Government employees have also complained that the cash-strapped Yemeni government is paying salaries in low-denomination banknotes – mainly 100 riyals – forcing them to carry their wages in bags.

Munif Ali, a government employee in Lahj, took to Facebook to express his frustration, posting a video of himself sitting beside large, tightly packed bundles of 100- and 200-riyal notes that he said he received from the central bank. Munif, like many Yemenis on social media, said traders are refusing to accept large quantities of low-value notes. “Merchants are refusing to recognise this,” Munif said, referring to the stacks of 100- and 200-riyal notes in front of him. “Legal action should be taken against them.”

People who have kept their savings in Saudi riyals, the de facto currency in parts of Yemen, as well as Yemeni expatriates who send remittances in hard currency to their families, and soldiers paid in Saudi riyals, are among those most affected by the cash shortage.

Finding workarounds

To cope with cash shortages and the refusal of exchange firms to convert hard currency, Yemenis have adopted a range of workarounds. Some rely on trusted shopkeepers who allow delayed payments, while others exchange foreign currency at local groceries or supermarkets, often at lower, unfavourable rates. Banks and exchange firms have also introduced online money transfers, which have helped ease the crisis for some.

In rural areas, where internet access is limited and exchange shops are scarce, the problem is even more acute.

Saleh Omer, a resident of the Dawan district in Hadramout, told Al Jazeera that he received a remittance of 1,300 Saudi riyals sent from Saudi Arabia. But the exchange firm that handed him the money refused to convert it into Yemeni riyals, citing a lack of cash, and advised him to try nearby shops.

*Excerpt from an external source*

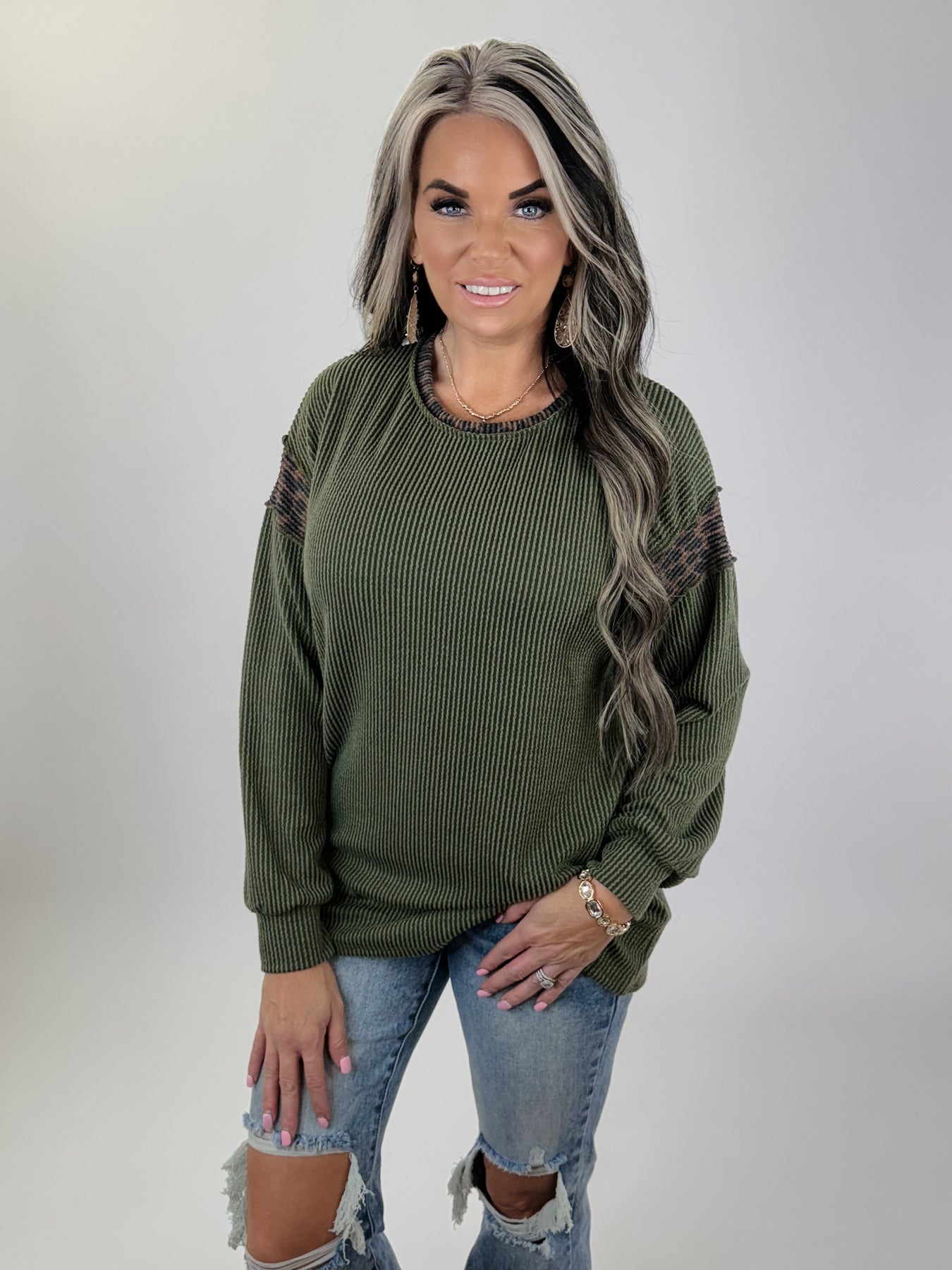 Door buster Olive Contrast Ribbed Top

With the official exchange rate at about 410 riyals to the Saudi riyal, a shopkeeper agreed – after repeated appeals – to exchange only 500 riyals, and at a lower rate of 400. “I nearly begged the shopkeeper to exchange 500 riyals,” Saleh said. To convert the remaining 800 riyals, he added, he would have to return another day and go from one shop to another. “We are suffering greatly just to convert Saudi riyals into Yemeni riyals.”

Connections matter

Well-connected individuals are often better positioned than others to navigate the cash shortage, with some relying on personal contacts at banks and exchange firms to access cash. Khaled Omer, who runs a travel agency in Mukalla, said most of his business transactions are conducted in Saudi riyals or US dollars. But when he needs Yemeni riyals to pay employees or cover utilities, he turns to a trusted contact at a local exchange firm. “We work with a money exchange trader when we need riyals to pay salaries or meet basic expenses,” Khaled told Al Jazeera. “Exchange companies say they are facing a liquidity crunch.”

On social media, Yemenis say some patients have been denied medication as health facilities refuse to accept payment in Saudi riyals, while exchange firms decline to convert the currency into Yemeni riyals.

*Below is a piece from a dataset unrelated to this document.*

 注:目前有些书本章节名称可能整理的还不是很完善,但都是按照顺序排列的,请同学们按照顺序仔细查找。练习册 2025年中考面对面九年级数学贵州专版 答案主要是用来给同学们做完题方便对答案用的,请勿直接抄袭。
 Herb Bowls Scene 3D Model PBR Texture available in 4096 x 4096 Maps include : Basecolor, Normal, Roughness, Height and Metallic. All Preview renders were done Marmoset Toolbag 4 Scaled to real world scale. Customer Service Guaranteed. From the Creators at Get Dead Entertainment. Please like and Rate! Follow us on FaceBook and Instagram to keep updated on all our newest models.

In Taiz, Hesham al-Samaan said a local hospital refused to accept Saudi riyals from a relative of a patient, forcing him to roam the city in search of someone to exchange the money to pay for treatment. “Is there any justice for the people, oh government? Will anyone hold accountable those who refuse to exchange currency and exploit people’s needs?” al-Samaan wrote in a Facebook post that drew dozens of comments from others reporting similar experiences, including being denied medical services because they did not have local currency.

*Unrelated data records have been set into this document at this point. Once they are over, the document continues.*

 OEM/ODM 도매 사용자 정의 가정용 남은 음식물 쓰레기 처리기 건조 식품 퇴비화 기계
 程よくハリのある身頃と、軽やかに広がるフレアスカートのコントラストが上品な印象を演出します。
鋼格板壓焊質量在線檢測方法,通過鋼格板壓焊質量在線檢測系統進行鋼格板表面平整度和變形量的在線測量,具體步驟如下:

For traders who import goods from Saudi Arabia, the cash crisis has become something of a blessing in disguise, as Saudi riyals are increasingly available at discounted rates. A clothing trader in Mukalla told Al Jazeera that he accepts payments in both Yemeni riyals and Saudi riyals, partly to attract customers and partly to secure the foreign currency he needs for his business. “As a businessman who sells goods in Yemeni riyals, I benefit from the cash shortage,” he said on condition of anonymity. “Exchange companies that need local currency I hold sell me Saudi riyals at lower rates.”